The moment I say I’m traveling with two other girls there are smiles, story swapping and all kinds of laughter and fun. Since I’m human and therefore not exactly anti-acceptance I’ve gone along with it for a while, but being the solo traveller that I naturally am, it has started to bother me. Why is it so much more societally acceptable for a woman to travel with a couple of friends than for her to travel by herself? Do we still, subconsciously, live within a world where a woman needs to be “chaperoned” in order to safely traverse the world around her?

Of course you should all know my feelings on the matter. But as an added bonus, I thought I would debunk some myths that people told me about traveling as a woman, based off of my personal experience.

Travel Myths1. You won’t have any friends to talk or share memories with:  I’m am a pretty hard core introvert. I’m not the most outgoing person in general, but something kicks into gear when I travel. There’s something beautiful about having thousands of people around you who you don’t know, and may never see. For me, it’s so freeing, and it’s one of my favorite things to make friends with the people I meet along the way. Whether it’s meeting people in hostels, people I’m staying with or just people I meet on the road – I have some of the coolest stories based just off of the people I’ve met and adventured with. Would I have been as outgoing if I was traveling with other people? Honesty? I don’t think so.

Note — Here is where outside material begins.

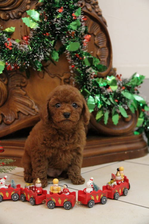 ★衝撃的な可愛さの男の子です★ 成犬時の予想サイズが2.1kg位のムクムクの小振りタイニー前半を予想している男の子です。 毛量が抜群で、毛を掻き分けても地肌の見えないボリューム。 毛色は濃いレンガ色のディープレッドです。 目がとっても丸く大きい子で、マズルは詰まっており、顔回りの毛が伸びたら更に可愛さが引き出されます。 口周り、顔周りの毛が一番遅く伸びるので、一般の方には丸く可愛らしいのが、なかなか伝わらないと思いますが、かなり可愛い顔をしている子です!! 目が、加工写真か!?って程にキラキラして撮れて、私達もビックリしていますが、一切の加工はしていません!!! 性格は、温厚でおっとり、ゆったりとした性格で、穏やかなタイプに育っています。 かかりつけ獣医師による健康診断で診ていただいてますが、小出ベソがありますが、生涯、手術など必要になるような出べそでは無いとご判断いただいている、本当に小さな出ベソがありますので、その分、若干の低い価格設定にしております。全く問題ありませんので、ご安心くださいませ。診て頂いた病院はワクチン証明書に記載されていますので、ご不安な方は引き続きご利用いただける病院となっております。 1回目のワクチン接種と健康診断が終わっており、いつでもお引き渡しが可能です。 飼育の事やトリミングの事など、ご不安な点も、子犬の購入後の手続きの際に一つずつ丁寧にご指導いたしております。 ご安心して、お気軽にお問い合わせ下さいませ。 表示価格は現金特価となっております。 カードでお支払いのお客様は288,750円(税抜262,500円)でございます。 当社で飼育の際に実際に使用しているゲージやトイレなどの生活用品の一式がセットになって37,800円の飼育セットの御用意がございます。 犬種ごとに選択いただくゲージも違いますので、初めての方は、ワンちゃんの購入の際に、同時に飼育セットをお持ち帰りいただく事をオススメしております。 ワンちゃんも使い慣れているので、不安無く飼育を開始いただけると思います。 |

2.  You’ll get lost and never be able to find your way back. When I travel, I don’t have an iPhone that works outside of Wifi, I don’t have any special GPS or anything magical that makes me able to travel flawlessly. Sometimes I get lost, and sometimes I get to make new friends just by asking for directions. Those are some of the beautiful aspects of travel, though! And you would be surprised how much you learn about map reading when it’s your only way of getting around! I know – sounds like something our parents did, but traveling without any kind of help has always worked beautifully for me (no horror stories to tell). If you’re really bothered, you can always pay a small amount of money for a personal GPS, as well.

3. It’s dangerous. Here’s some news – life is dangerous. And if you live cowering in a corner, you’ll never experience some of the most beautiful moments. I live by a mantra: Don’t be scared, be prepared. Research, research, research! Know about the country and culture – know about the people and the places you’re going to. The safest I’ve ever felt is having plans (even if I throw them out in the end). This is also a great opportunity to make friends when you travel! Having people know you, is a great way to make sure you have a contact if something does happen.

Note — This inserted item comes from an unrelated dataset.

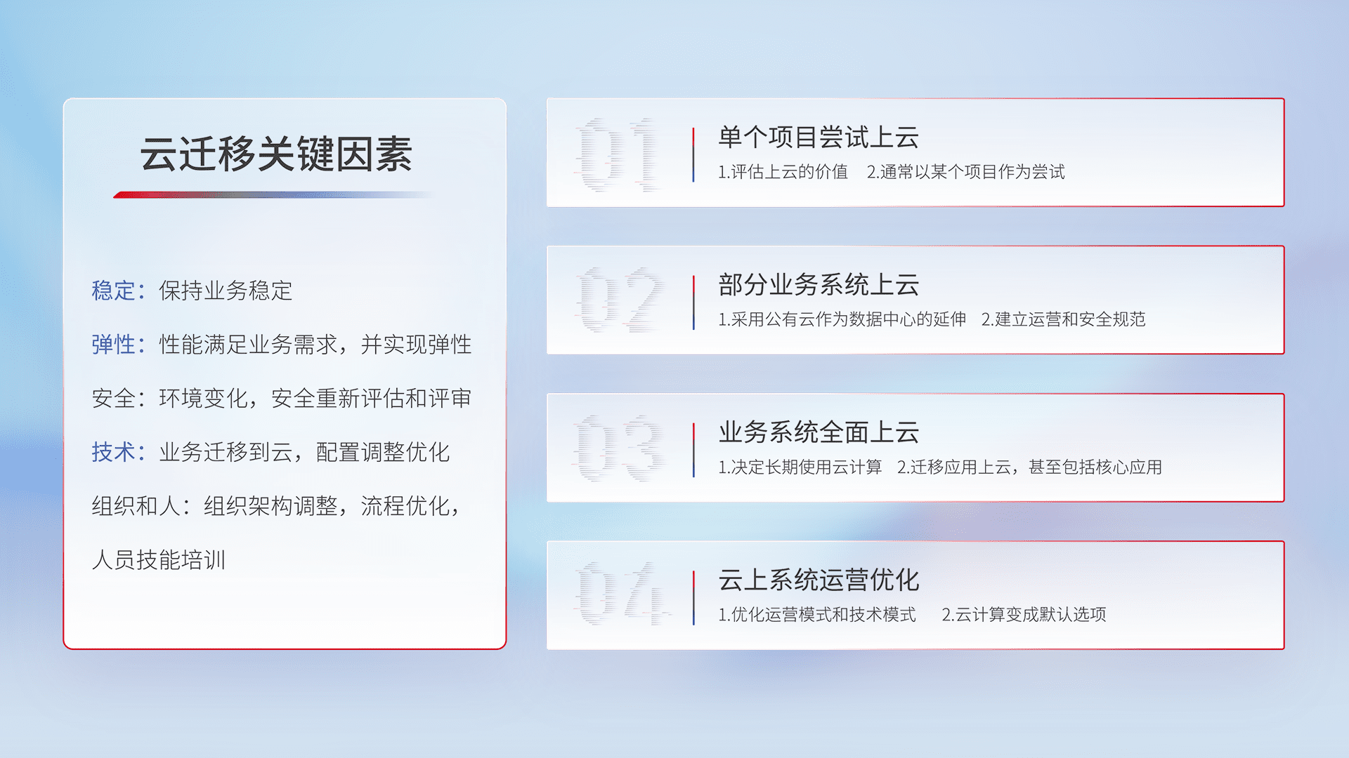 结合实际业务,,,从规划设计、、云平台选型、、、云原生改造、、、数据迁移、、、集成交付,,,迁移全过程为客户识别最佳上云路径,,做好风险识别管理,,,,设计网络架构、、身份权限、、、、安全审计合规、、、操作审计、、、、日志审计、、、监控告警策略、、、多站点容灾设计等,,,,对云上基础设施进行整体规划,,提升IT治理水平,,,,以满足弹性、、高可用、、、、高性能的需求。。。。

4. You won’t get as much out of the experience: Like I said, I’ve been on some pretty epic adventures in my time. I’ve never regretted traveling alone, and while I would never discourage traveling with friends, I would definitely say don’t wait to travel just because you can’t find people to go with. I waited two years for people to go with me on a backpacking trip and I regret that SO MUCH – as soon as I actually bought my ticket and went on my trip it was amazing to see how many of my friends started getting interested in traveling more. Be a leader! Take a step forward and embrace the adventures that are waiting for you!

5. Something will go wrong/you’ll die: It always amazes me how many people told me of how my travel adventures would result in my untimely death. Obviously, I’m not dead yet. And the thing about this myth is that life is never guaranteed to us, no matter how carefully we live it. If I die while traveling, I will die doing something I love with every ounce of my being (not a bad way to go). And statistically speaking, travel adventures are a lot less likely to land you in the morgue than the general public seems to believe. While I do, of course support being informed, careful and vigilant when traveling, I also encourage not allowing the unfounded fear of others (especially if they aren’t speaking from any personal experience) to dictate how you live your life.